▸ Try it
Which lines of the records below contain the word "tỉnh"? Show each one.

▸ Provided entries
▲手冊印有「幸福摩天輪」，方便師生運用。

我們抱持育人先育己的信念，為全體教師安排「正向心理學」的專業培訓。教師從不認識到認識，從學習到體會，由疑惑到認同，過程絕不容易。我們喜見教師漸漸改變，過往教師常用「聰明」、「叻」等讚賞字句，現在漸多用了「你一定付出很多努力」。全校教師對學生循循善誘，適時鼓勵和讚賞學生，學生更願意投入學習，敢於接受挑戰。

==

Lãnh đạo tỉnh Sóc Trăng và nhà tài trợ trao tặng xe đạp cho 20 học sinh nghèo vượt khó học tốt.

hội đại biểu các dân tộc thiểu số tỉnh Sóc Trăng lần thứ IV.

▸ Result
Lãnh đạo tỉnh Sóc Trăng và nhà tài trợ trao tặng xe đạp cho 20 học sinh nghèo vượt khó học tốt.
hội đại biểu các dân tộc thiểu số tỉnh Sóc Trăng lần thứ IV.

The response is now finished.